第一章 Epilogue Ⅰ 偽物の夜

 三者面談から帰って、夜のこと。

 夕飯を食べて風呂も入り、だらりとしばらく過ごした後にさあ寝るかとベッドに寝転んだまではよかったのだが。


「月凪さんや、なんで俺のベッドに入って来ようとしているんですかね」

「寂しいんです」


 有無を言わさずベッドに潜り込もうとする月凪を目にして、俺はちょっと待てと制止をかける。

 身体を起こし、とりあえず話をしようと開いているベッドのスペースを手で叩くと、月凪は抵抗感もなく自然に座った。


 ……もうちょいこう、緊張的な何かがあっていいと思うんですけど?


「あのなあ、月凪。寂しいからって同じベッドで寝るのは色々まずいだろ」

「大丈夫です。私、寝相だけは無駄にいいので」

「そういうことじゃない。……ほんとに襲われても知らないぞ? ってことだよ」

「本当に襲う気のある人はそんなことを事前に警告しないと思うのですが」

「理性的な問題は別だろ」

「だとしても珀琥が気にすることではありません。そのくらいのリスクは承知の上です。もっとも、リスクにすらなっていないと思っていますけど」


 どういう意味だと思うのも束の間、月凪が空いていた距離感を詰めてくる。

 完全に隣り合った身体が触れ合う。

 パジャマの肌触りのいい質感と、その奥に隠された柔らかさ、そして体温。


 それらが、否応なしに心をかき乱す。


「……私が珀琥に偽装交際を申し出た日、断ろうとしたあなたに言っていたことを覚えていますか?」

「…………ああ。それなら覚えてるさ。確か……」

「もう一度、私の口から言わせてください。――『私はあなたに多くを求めません。期待もしません。これは現状を少しでもよりよい方向へ変えるための、可能性の低い足掻きです。ですので、あなたも私を都合のいいように利用していただいて構いません。期待はしないでいただけると助かりますが、裏切るような真似だけはしないとお約束します』」

「なんで一言一句覚えてるんだよ」

「記憶力には自信がありますから」


 記憶力には自信があるってだけで片付けていいのか?


 実際良いのは知ってるけどさ。


「珀琥はこれを聞いて、偽装交際を引き受けてくれましたよね。あの時はただの予感でしたけど、珀琥は私と同類だと思ったんです。私と同じで周囲に期待せず、諦めているように見えました。だからこそ偽装交際なんていう面倒かつ世間一般の倫理観からは外れた申し出でも、良好な関係性を築けると考えたんです」

「……期待されるのがそんなに嫌だったのか?」

「それもありますが、一番は人付き合いに疲れていたからだと思います。両親は話した通りですし、学校での扱いはご存じかと。なので、気疲れをしない人が欲しかったのでしょう。私を色眼鏡で見ない、優しい人が」


 月凪が口にして、俺の手を握る。

 ほのかに冷たい体温や手の感触は、既に記憶に刻まれていた。


「けれど、私は珀琥に弱みを見せてばかりです。自覚していなかった甘え癖で迷惑をかけているのもわかっているつもりです。……でも、やめられないんですよ。珀琥になら全部を見せてもいいって思ってしまうくらいには、心を許しているんです」

「だからって一緒に寝るのは違うと思うんだが」

「……話聞いてました?」


 正論を言っているはずなのに、どういうわけか月凪は怒った風に尋ねてくる。


 ……いや、見ないふりをしているのは認めよう。

 全部を見せていいと思っている、心を許しているなんて言う理由を考えれば、怒った理由にも察しがつくというもの。

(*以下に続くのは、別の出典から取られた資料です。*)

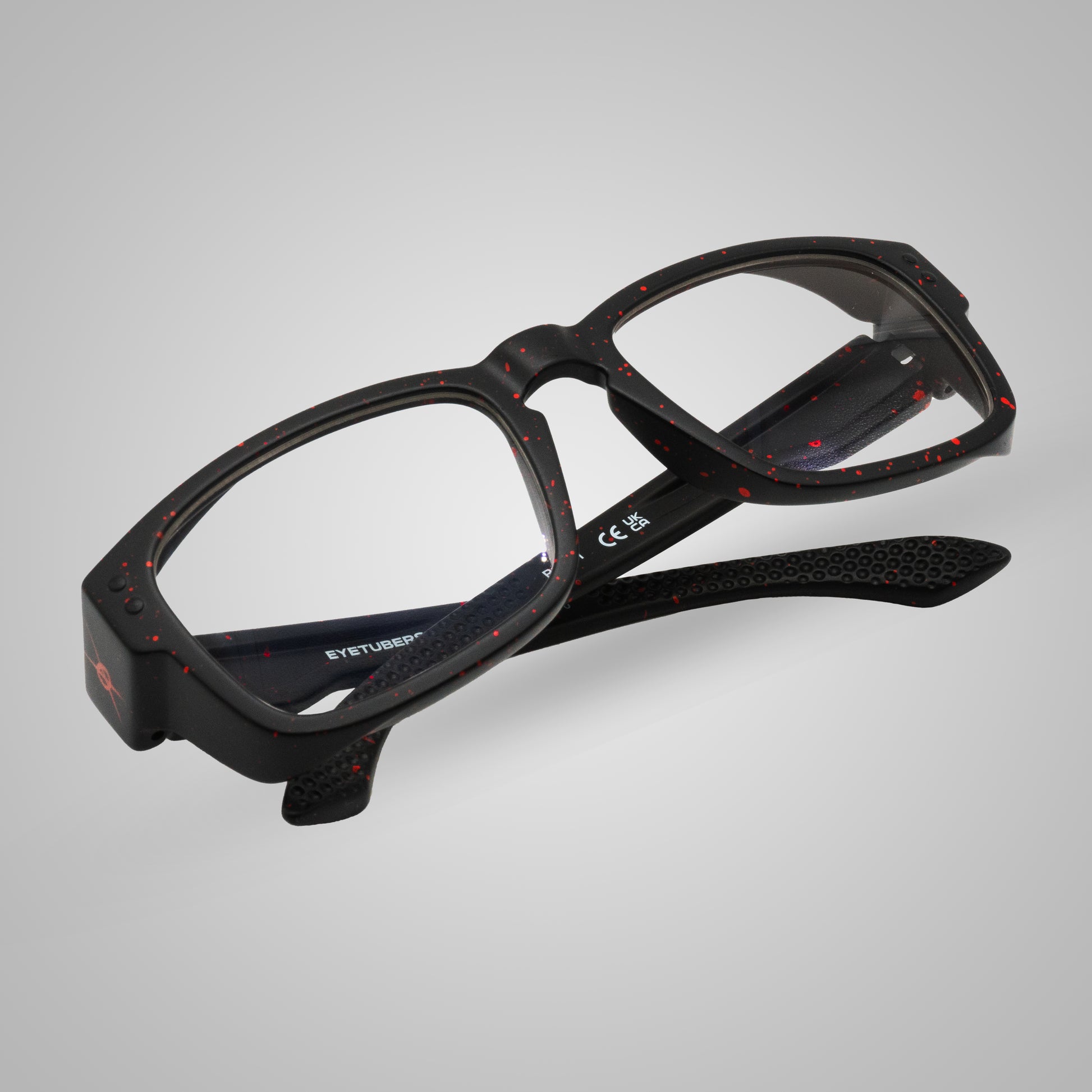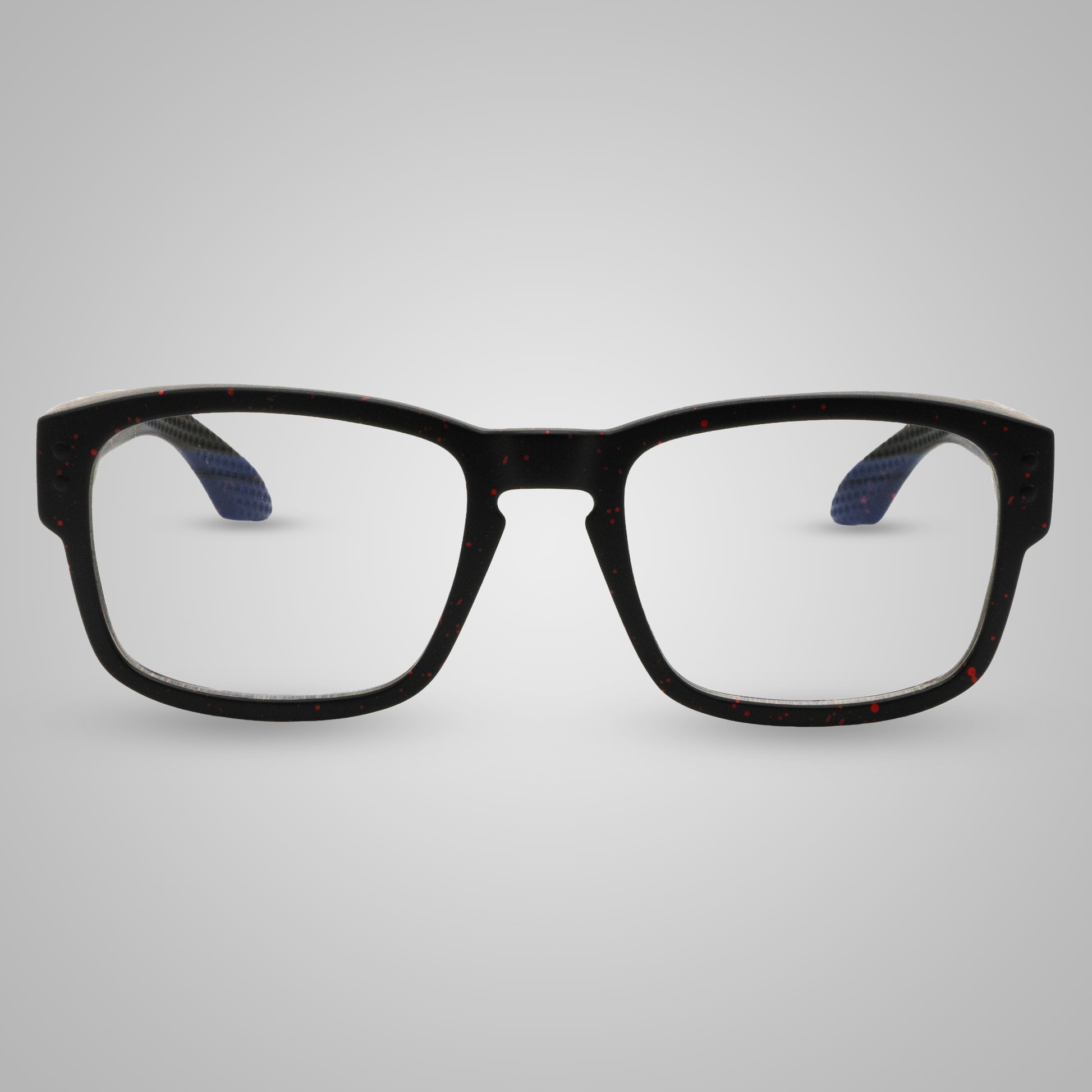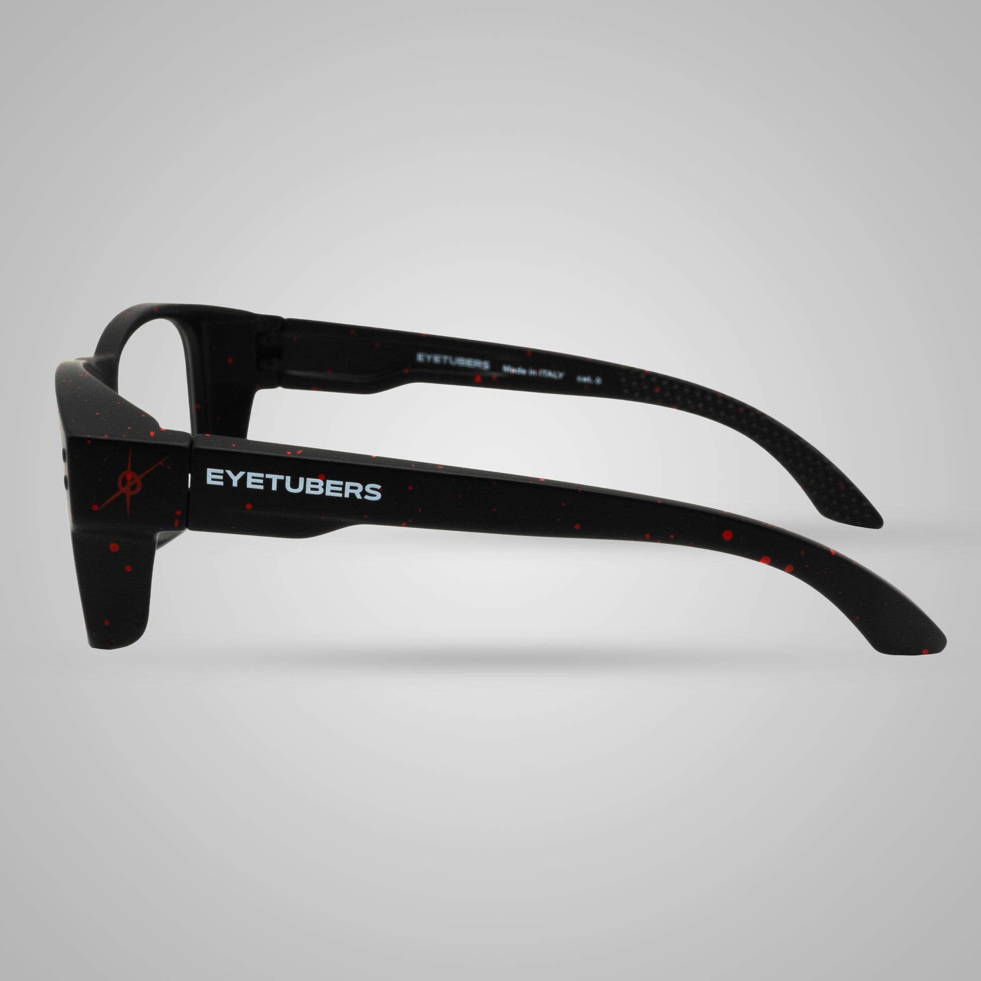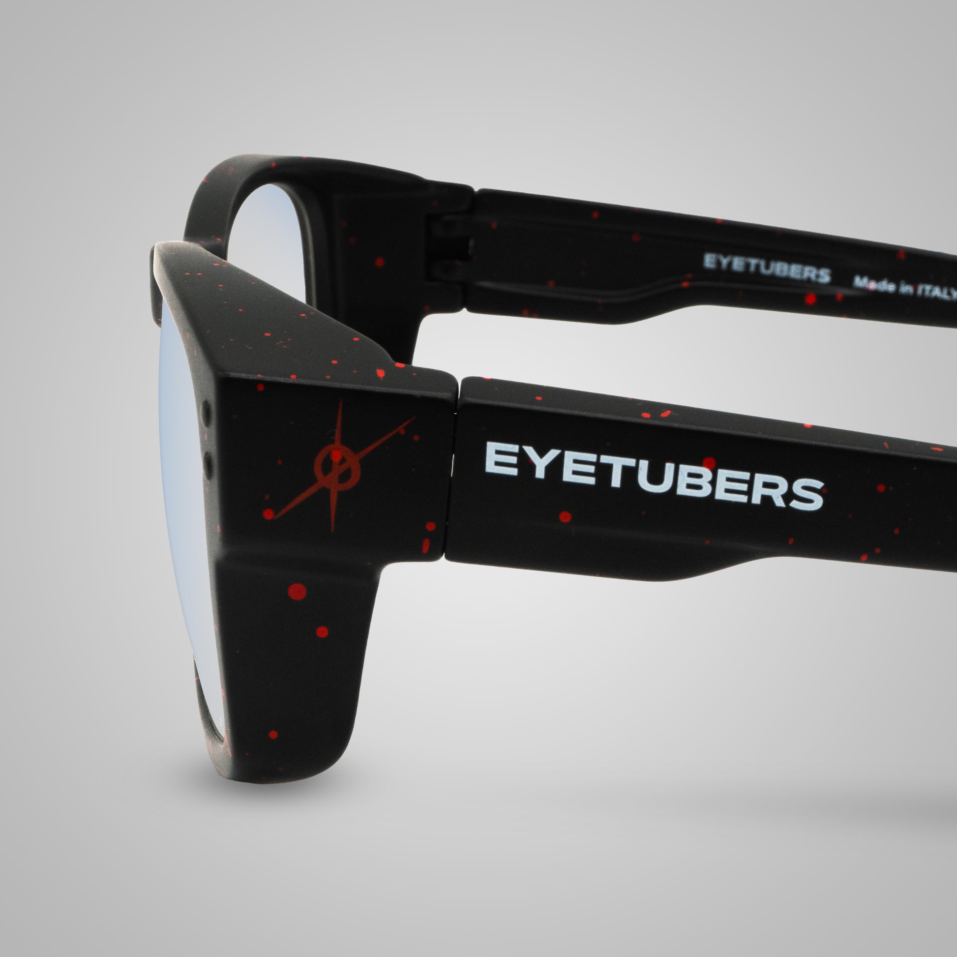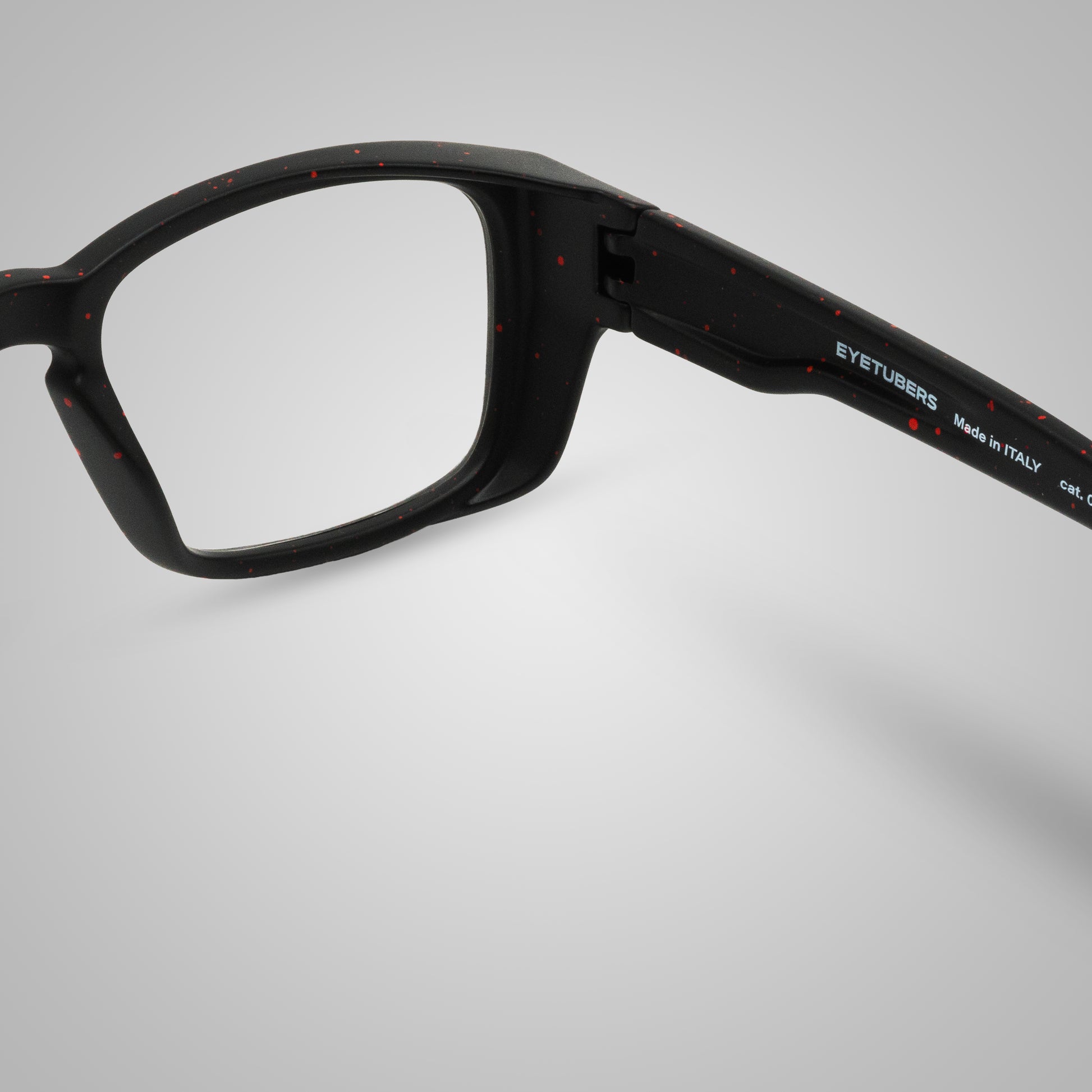 Ogni montatura è realizzata a mano con una tecnica artigianale di dripping rosso su base nera, ottenuta applicando manualmente micro-gocce di colore. Questo rende ogni pezzo un’opera unica, leggermente diversa dall’altro, con sfumature e distribuzioni del pattern irripetibili. Proprio per questo gli occhiali potrebbero non coincidere perfettamente con le foto presenti online: l’esclusività è parte della loro personalità.

 なのに一歩前に進むための踏ん切りがつかず、鈍いフリをして逃げるのは、経験値の浅さと過去の経験が尾を引いているからだろう。

 俺は多分、まだ心のどこかで月凪に遠慮している。


 過去を話すくらいには信用しているつもりだ。

 月凪が俺を否定しないことも。

 それでも、心にこびりついた思想までは簡単に変えられない。


 だから、見え透いた好意を目の前にちらつかせられても、月凪との約束があるからと言い訳をして手を伸ばせずに引いてしまう。


 本当に好きで堪らないなら、想いを伝えるくらいは出来るはずなのに。

 俺に出来ることがあるとすれば、月凪の願いに応えることだけ。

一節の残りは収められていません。